Grimshaw's new Lower Manhattan transit hub connects eleven New York City subway lines and the Port Authority Trans-Hudson (PATH) trains that serve the state of New Jersey.
The Fulton Center, which opened to the public yesterday, is expected to receive over 300,000 daily commuters and form a "gateway to and from Lower Manhattan".
The London architecture studio worked in collaboration with engineering firm Arup on the design for the station, which was commissioned by the Metropolitan Transportation Authority Capital Construction Company (MTA).
"From the beginning, we were inspired by the ambience and activity of Grand Central Station," said Grimshaw project partner Vincent Chang.
"We endeavoured to design a similar environment for transit customers and visitors, creating a new front door to downtown New York."
The station is one in a series of schemes contributing to the redevelopment of Lower Manhattan, which this month has also seen the completion of One World Trade Center by Skidmore, Owings & Merrill.
According to Grimshaw, the station "celebrates the city's history while looking forward to the area's future and its escalating growth."
The structure comprises a glass box topped by a large glass and steel dome spanning 37 metres. An elliptical opening in the domed roof, surrounded by criss-crossing struts of steel, lets light stream into the concourse and platform levels.

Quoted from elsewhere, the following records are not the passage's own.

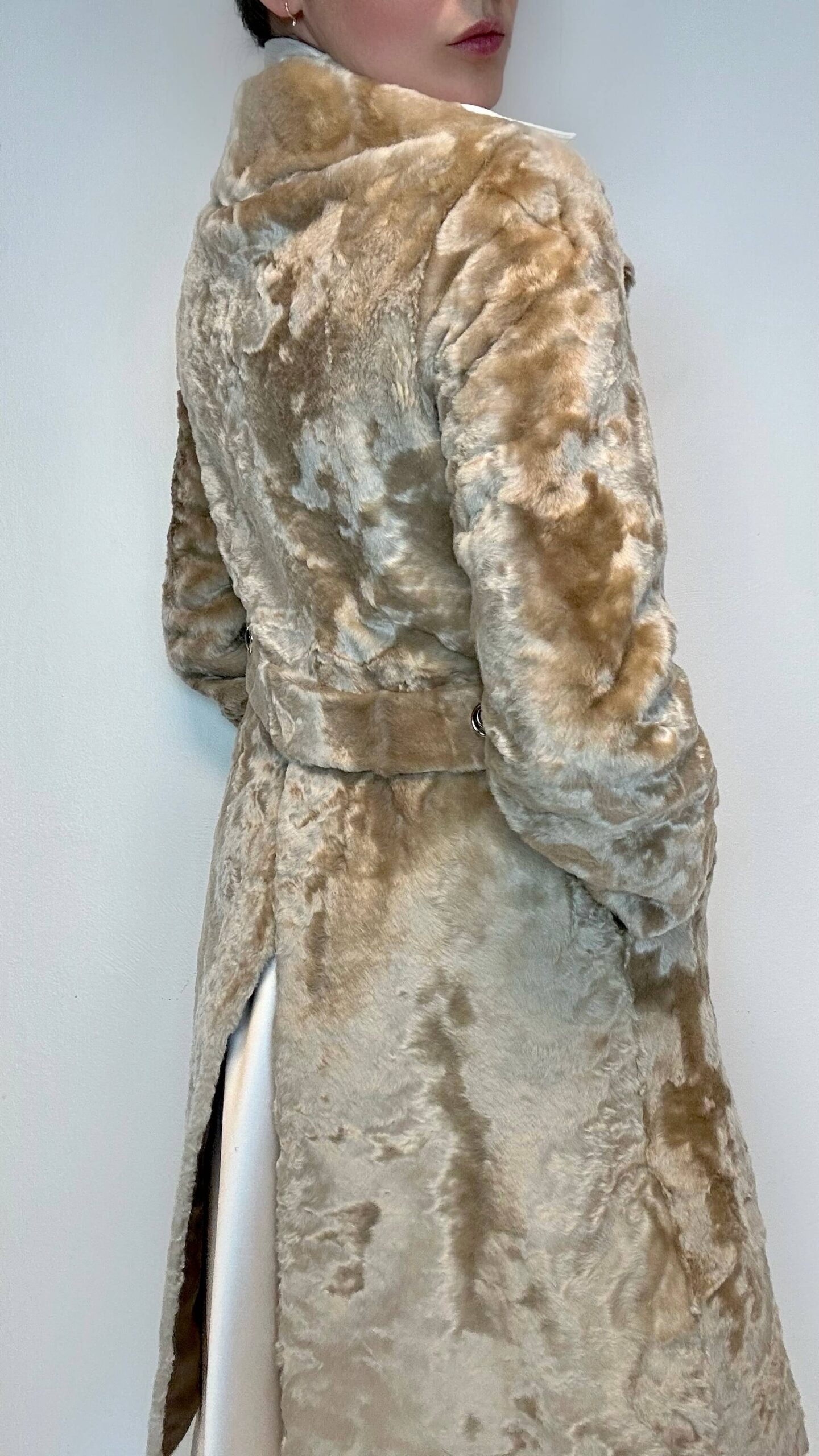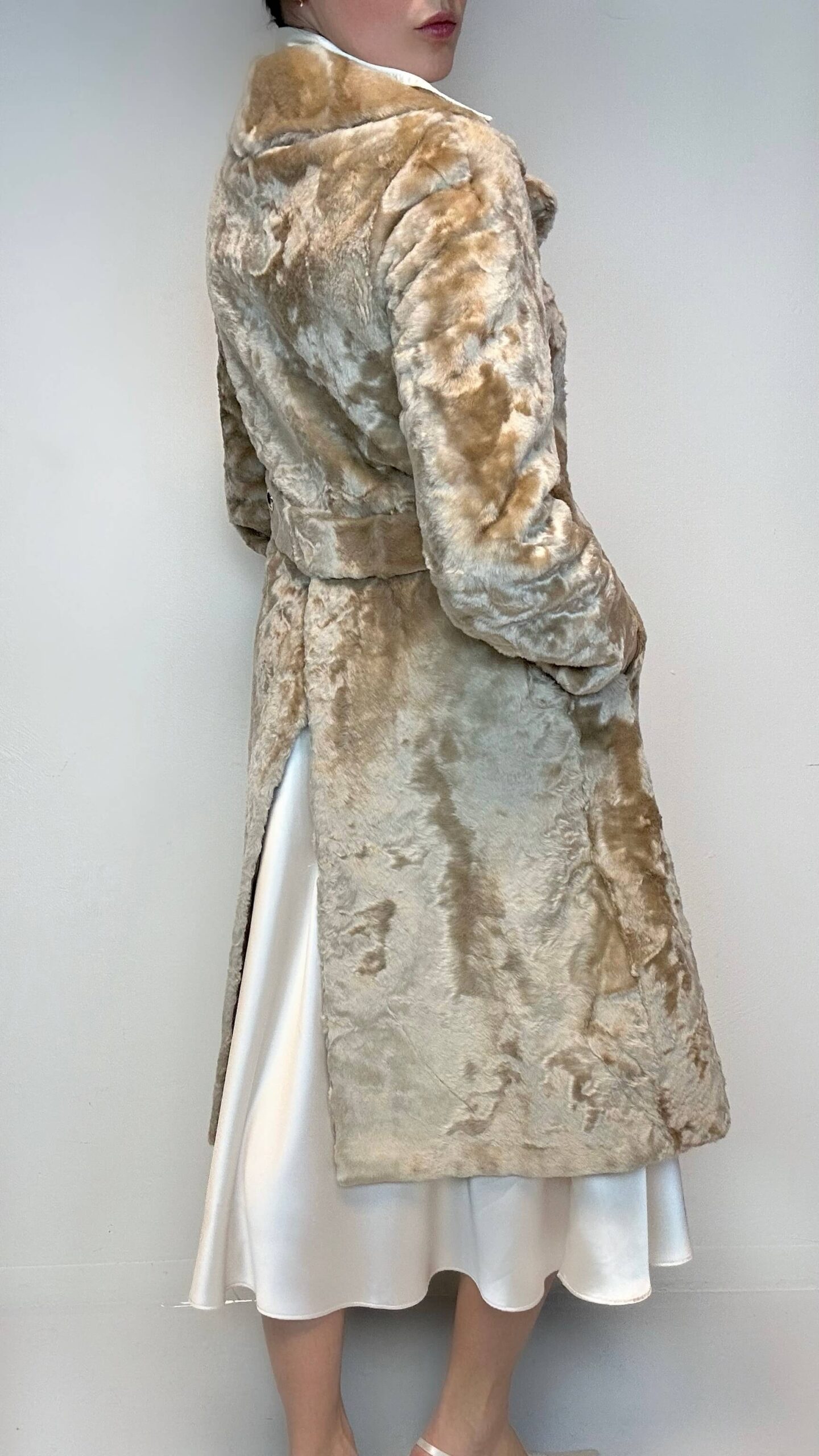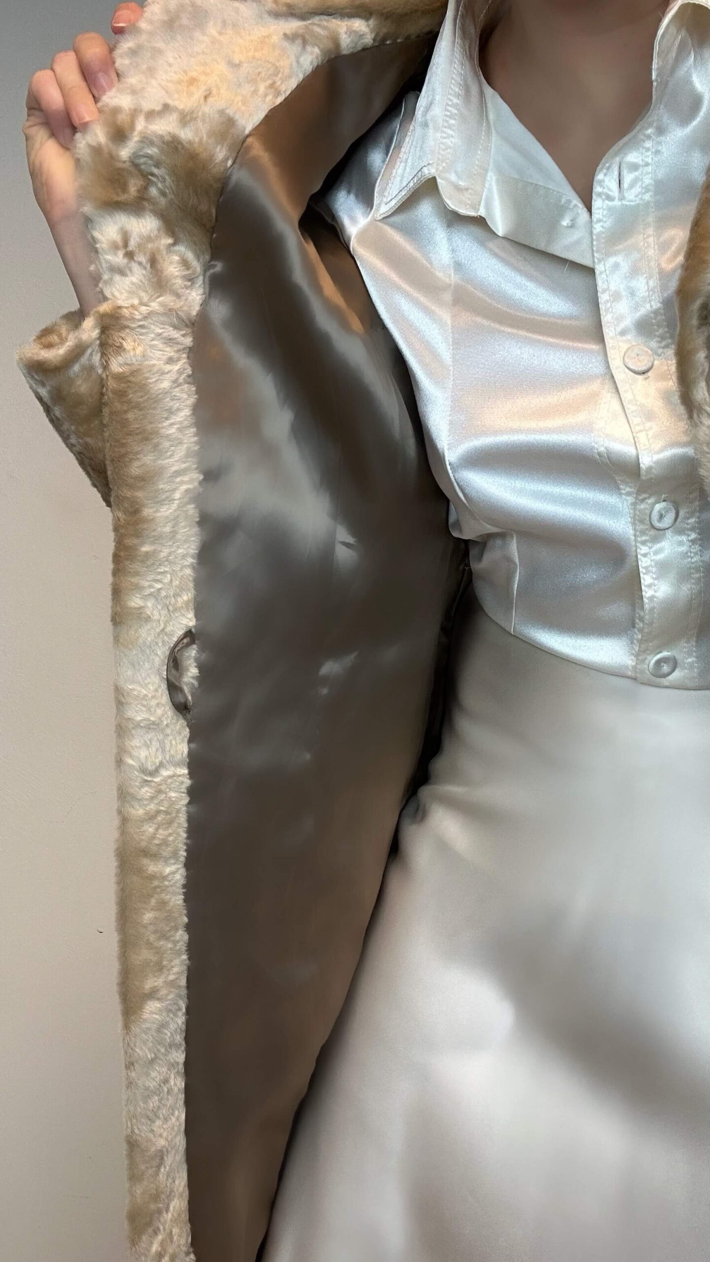 Creamy buttermilk genuine winter fur coat with almond buttons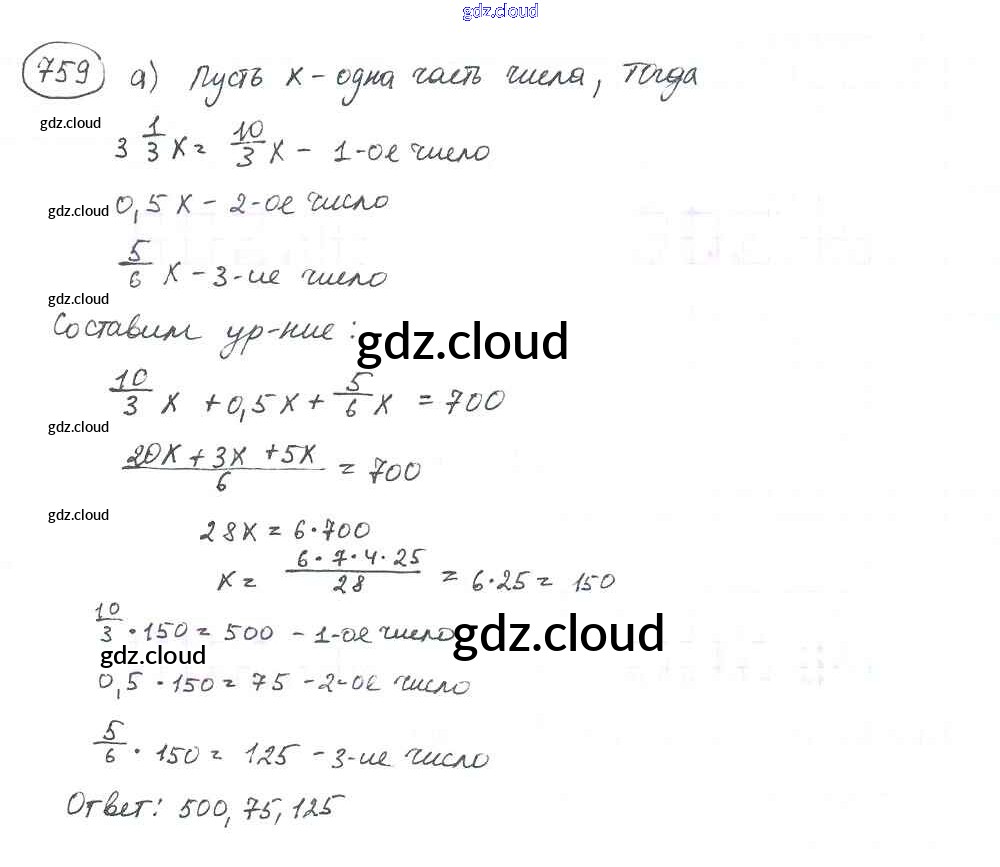 Ответ на задание 759 Учебник Математика за 6 (шестой) класс Петерсон, Дорофеев Учусь учиться 2014 Часть 1, 2, 3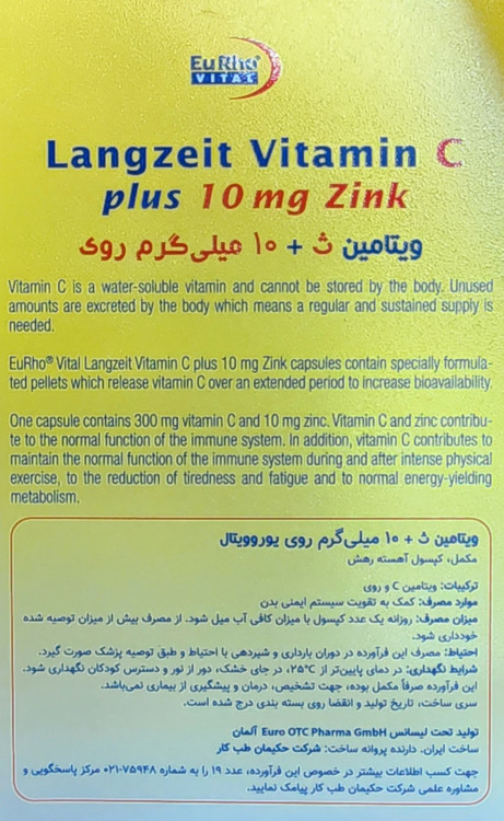 ویتامین سی و زینک کپسول 10 میلی گرم یوروویتال ۶۰عددی۲۰۲۷/۰۲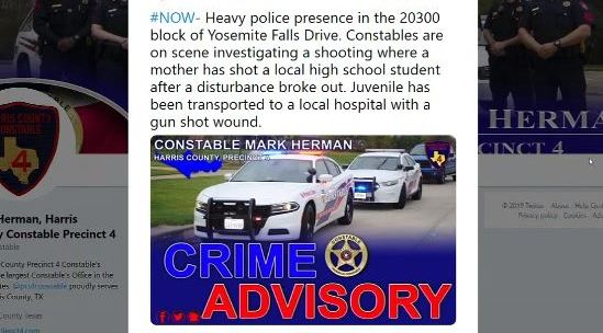 #NOW– Heavy police presence in the 20300 block of Yosemite Falls Drive. Constables are on scene investigating a shooting where a mother has shot a local high school student after a disturbance broke out. Juvenile has been transported to a local hospital with a gun shot wound. pic.twitter.com/q7Cbzs7Nn0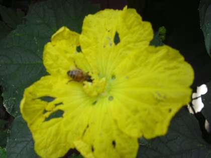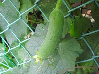 緑のカーテンは、1階から2階に向かって生長しています。へちまの黄色い花も沢山咲き、はちが蜜をすいに来ています。へちまの実も付き始め、大きい物は、30センチぐらいあります。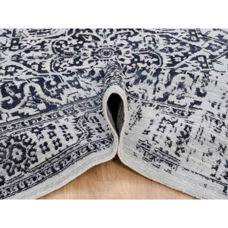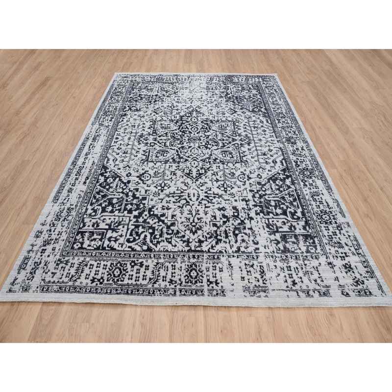8’x10′ Charcoal Black, Erased Serapi Heriz Design, Jacquard Hand Loomed, Wool and Plant Based Silk, Oriental Rug Sh63787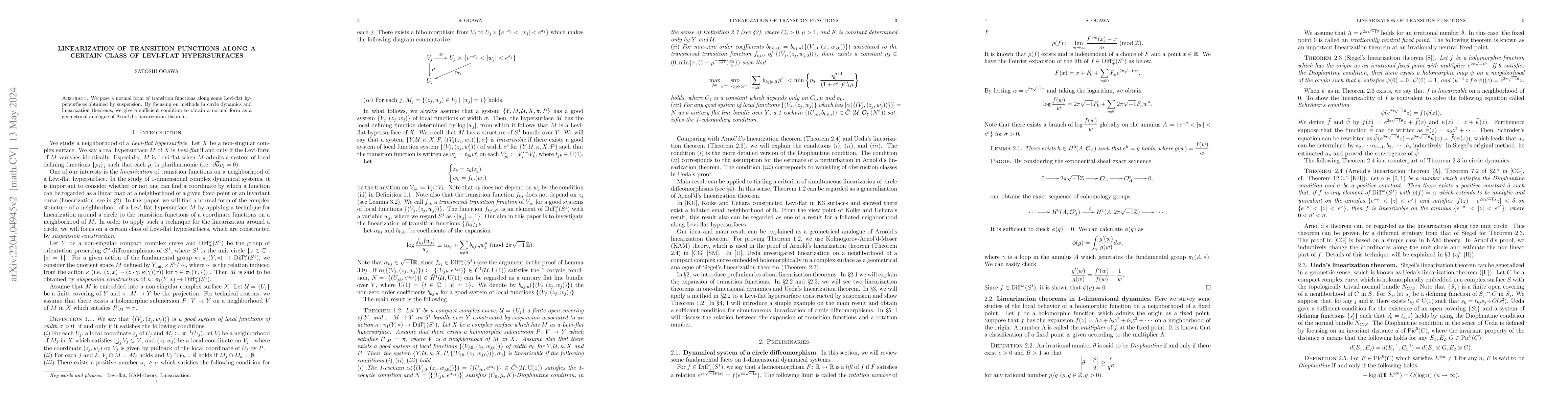 Summary: This paper establishes a normal form for transition functions along certain Levi-flat hypersurfaces, employing techniques from circle dynamics and linearization theorems, and provides a geometrical analogue to Arnol'd's linearization theorem under specified conditions.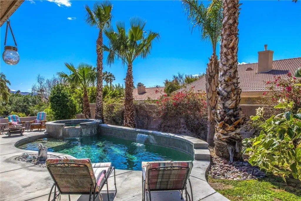 Custom-built, turnkey entertainers POOL home in the coveted Mission Lakes Country Club; enjoy modern upscale community comforts in your private oasis amongst the tranquility of the desert! Relish in the curb appeal of a gorgeous, low-maintenance desert dryscape front yard while beholding panoramic views of hills, city, and snow-capped mountains. Enclosed porch offers privacy and respite from the desert sun. Upon entry, take in an expansive living room with stylish tile flooring, vaulted ceilings, voluminous natural light, and mediterranean arches heralding entry to other living spaces. An open kitchen features numerous upgrades, including contemporary stainless steel appliances, abundant counter space, and vast amounts of storage via upgraded cabinets including a wine rack and fridge. Exit through the French doors into the heart of the experiencethe entertainers backyard, featuring home-length patio cover with fans and lighting; elegant stone pool with baja step, serene waterfalls, and elevated jacuzzi; and block walls and landscaping for complete privacy. On its on private wing, the master suite is a luxurious retreat, with an immense walk-in Closet, his-and-her sinks, a relaxing tub, a separate shower enclosure, and its own French Door exit to the backyard. Bedrooms 2 and 3 share their own private wing with upgraded full bath, and both feature oversized closets; one bedroom features sweeping mountain views north, while the other overlooks the backyard south and also has a 220V outlet. Indoor laundry room adjacent to garage. Dual pane windows as well as ceiling fans and fi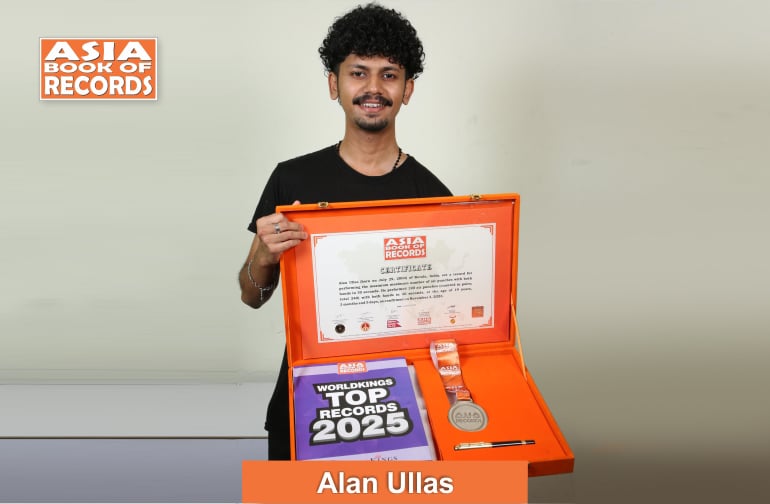 in 30 seconds was set by Alan Ullas (born on July 29, 2004) of Ernakulam, Kerala. He performed 120 air punches (counted in pairs; total 240) with both hands in 30 seconds, at the age of 19 years, 3 months and 5 days, as confirmed on November 3, 2023.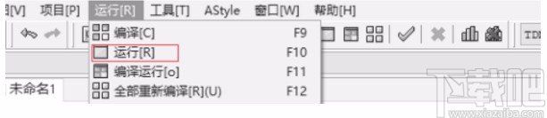 4.接下来我们在界面上方找到“运行”选项,点击该选项会出现一个下拉框,在下拉框中选择“运行”。
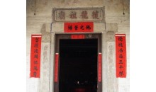 護龍祖廟在端州區(qū)黃崗鎮(zhèn)前村,始建于清初,同治十年(1871)重修。四周古樹懷抱,環(huán)境清幽,有小溪潺潺流過,廟前遠眺,田園秀色一覽無遺。廟為三進院落四合院式布局,面積136平方米,大門上方鑲嵌楷書“護龍祖廟”石匾,前后殿為硬山頂,面寬進深均三間,建筑物前設(shè)“低頭牽”,抬梁與穿十混合式梁架結(jié)構(gòu),兩殿之間以平面方形的卷棚頂廟亭相連,亭兩側(cè)空地邊緣,還用矮墻連貫前殿與后殿,使之渾然一體。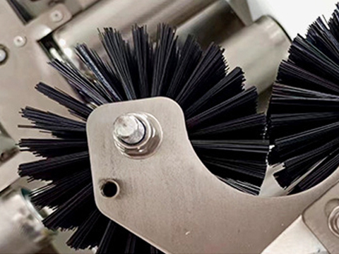 毛刷滚轮抚平胶带, 使胶带平整,泡沫箱 整体美观大方

"Tapered steel columns draw inspiration from the historic neighbourhood's cast-iron buildings and complement the integration and restoration of the adjacent Corbin Building," said a statement from the studio.
"The open design provides unimpeded customer movement and sight lines across a level ground plane extending from the major thoroughfares of Broadway and Fulton Street."
A circular lightwell in the ground floor, directly below the atrium, funnels light into the lower ground platform areas. Passageways are artificially illuminated by an overhead grid of fluorescent tubes.
To one side of the atrium a spiral staircase wraps around a glass-fronted elevator leading up to shops that curve around the central well.
"The central architectural concept of redirecting natural light deep into the transit environment – in an effort to humanise the space and orient passengers – culminates in the design of the dome's interior and a new integrated artwork," said the studio.
An artwork, called the Sky Reflector-Net, was commissioned for the space from New-York designer James Carpenter. The piece is made up of diamond-shaped sections of perforated metal and hangs like a hood from the roof opening, intended to mirror images of the changing sky above the station.
"This new station makes traveling easier for subway riders, and is a beautiful public space for visitors and commuters to enjoy," said New York governor Andrew Cuomo. "We now have a new cornerstone in Lower Manhattan, and I am proud to see this unique complex opened to the public."